Stamford, Conn., Plans $35M of Mostly Taxable Bonds

Stamford, Conn., plans to competitively market $35 million of bonds next week and take advantage of federal bond programs due to expire at the end of the year.

The deal is structured with $9 million of  tax-exempts with maturities from one to three years, $21.6 million of taxable Build America Bonds with maturities from six to 11 years, and $4.4 million of taxable recovery zone economic development bonds with maturities of 18 and 19 years. 

“We considered last week, with all the volatility, either postponing or issuing short-term [bond anticipation notes],” said Barry Bernabe, vice president at Webster Bank NA, the city’s financial adviser. “After the last couple of days and because of feedback we’ve gotten from various underwriters, the city decided to stay the course and go ahead with the deal.”

The expiration of the RZEDB program, which provides the issuer a 45% interest subsidy, and the seemingly remote possibility that it will be extended, was also a factor.

“Stamford did not just want to leave that on the table,” Bernabe said.

The bonds will use up the city’s full RZEDB allocation.

The city typically sells new-money bonds once a year. Since 2001, it has sold $391.4 million of bonds in eight deals, according to Thomson Reuters.

The city had initially planned to go to market in the summer, but had sufficient cash flow to delay the deal. It also planned to refund $20 million of bonds over the past few weeks but that deal has gone to day-to-day status because market volatility pushed net present-value savings to just below the city’s required 2% minimum, Bernabe said. 

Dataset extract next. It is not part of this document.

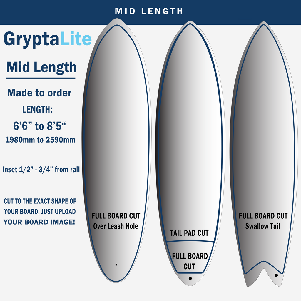 Gryptalite for Mid Length boards is intended for boards measuring 6'6" - 8'5"

Rates have spiked in recent weeks, in part due to a glut of end-of-the-year issuance. Municipal Market Data’s benchmark for triple-A 20-year bonds was 4.03% on Monday, compared to 3.48% on Nov. 1.

Frederick Flynn Jr., Stamford’s director of administration, said the city could benefit from a flight to quality in the midst of market volatility.

Moody’s Investors Service rates the bonds Aa1 with a stable outlook. Moody’s in March downgraded the city from Aaa and gave it a negative outlook, citing slim reserves in a weakened economic climate. Moody’s revised the outlook to stable in October.

Standard & Poor’s rates the city’s outstanding bonds AAA with a stable outlook.

Stamford is an affluent city roughly 35 miles northeast of Midtown Manhattan. Median household income in the city of 119,928 was $77,598, compared to the national median of $52,175, according to 2008 U.S. Census estimates.

The city has $374.4 million of debt outstanding, according to the preliminary official statement.